In the end, the findings by Hart et al (2018) offer researchers a different kind of research tool. With its high degree of noise and bias, it will serve less as a substitute for well-designed study and more as a time saver in preliminary research. Hochachka sees it as a potential “snapshot” tool: “if there was no other existing source of information,” Hochachka says, “or if you could gather information, but it would take a long time to collate it, and you wanted a snapshot right now.”
With their broad reach and increasing availability through machine learning analyses, Twitter and other social media may increasingly provide the big data that can help researchers support one avenue of research over another or suggest trends for further investigation.
Hart, A. G., Carpenter, W. S., Hlustik‐Smith, E., Reed, M., &
Goodenough, A. E. (2018). Testing the potential of Twitter mining
methods for data acquisition: Evaluating novel opportunities for
ecological research in multiple taxa.

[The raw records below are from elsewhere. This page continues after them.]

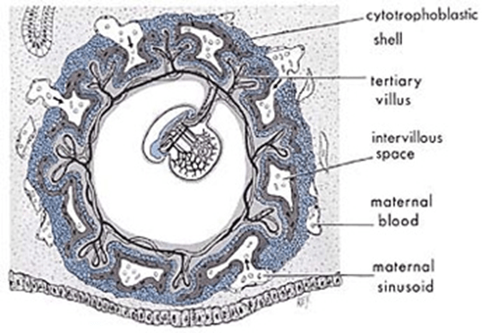 Similarly again, the placenta surrounding the embryo also consists of three layers: the amnion (the internal membrane around the fetus), the chorion (the middle amnion layer) and the decidua (outer amnion layer.)5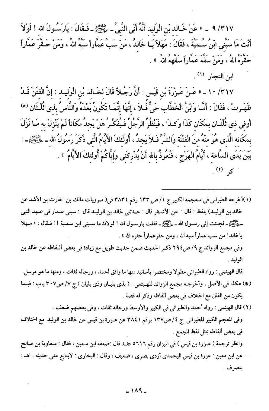 317/ 9 - "عَنْ خَالِدِ بْنِ الْوَلِيدِ أَنَّهُ أَتَى النَّبِىَّ - صلى الله عليه وسلم - فَقَالَ: يَا رَسُولَ اللهِ! لَوْلَا أَنْتَ مَا سَبَّنِى ابْنُ سُمَيَّةَ، فَقَالَ: مَهْلًا يَا خَالِدُ، مَنْ سَبَّ عَمَّارًا سَبَّهُ اللهُ، وَمَنْ حَقَّرَ عَمَّارًا حَقَّرَهُ اللهُ، وَمَنْ سَفَّهَ عَمَّارًا سَفَّههُ اللهُ".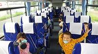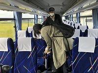 ▼バスの座席は一人ずつで、しっかり間隔を空けて…。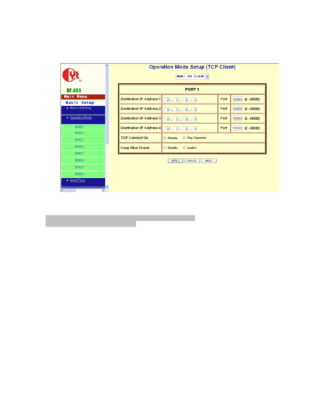 be received by peer is your concern, then you can set BF-480 as TCP Client. Be sure the value of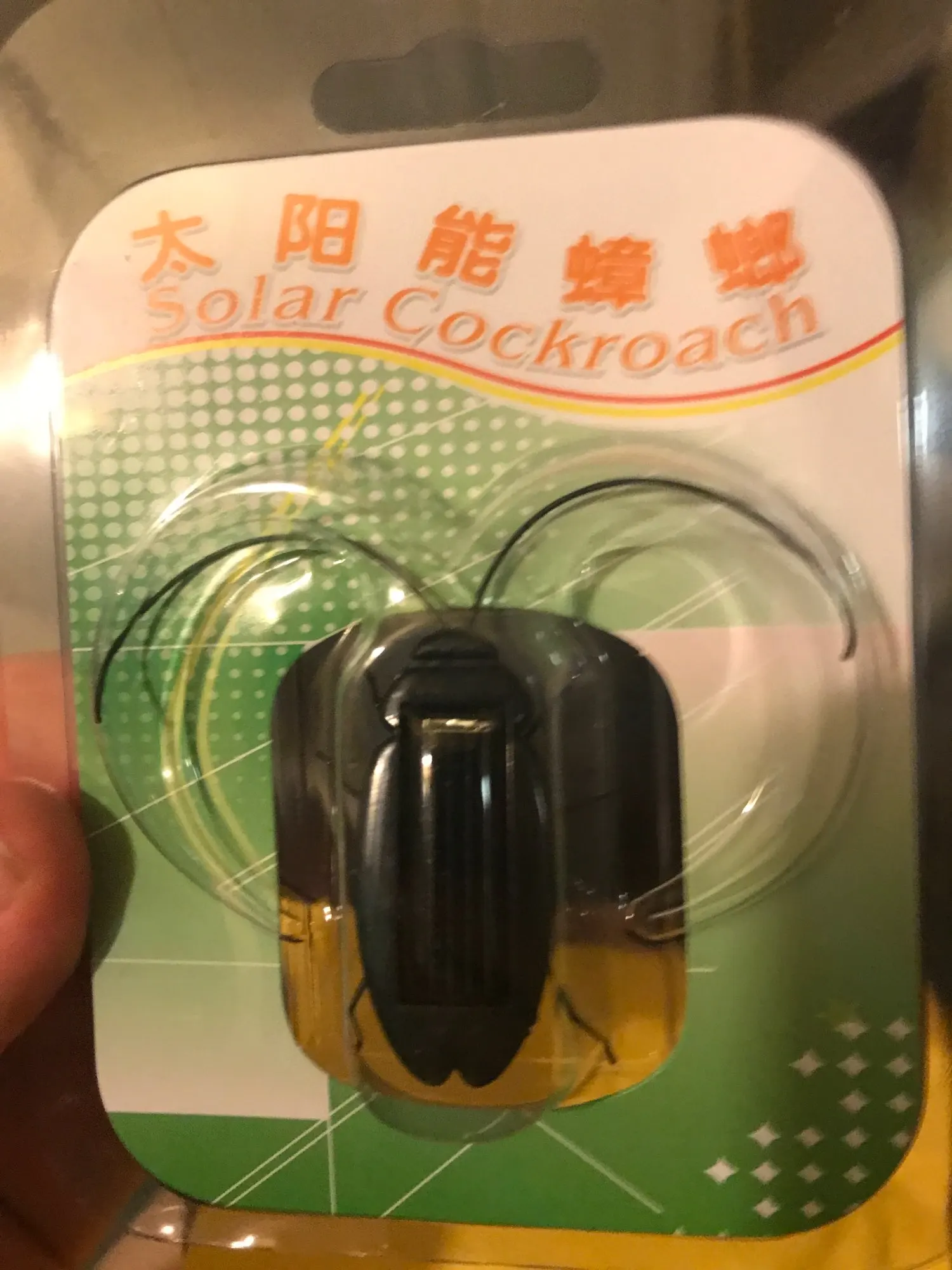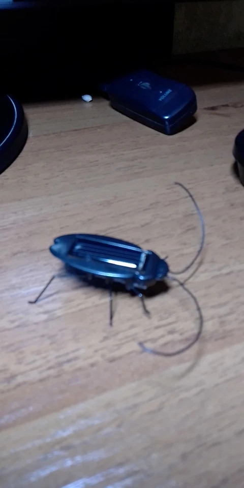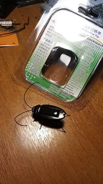 приехал таракан, внутри у него моторчик и на прямую подключен солнечный элемент, он должен двигаться от вибрации моторчика, ламы не движутся, от лампы не работает, только если вплотную поднести, если прямые солнечные лучи то работает, при дневном свете нет, видимо придется кошке играться отдать.

Methods in Ecology and Evolution.
Leighton, G. R., Hugo, P. S., Roulin, A., & Amar, A. (2016). Just
Google it: assessing the use of Google Images to describe geographical
variation in visible traits of organisms. Methods in Ecology and
Evolution, 7(9), 1060-1070. https://besjournals.onlinelibrary.wiley.com/doi/10.1111/2041-210X.12562
Rounds, R. C. (1987). Distribution and analysis of colourmorphs of the black bear (Ursus americanus). Journal of Biogeography, 521-538.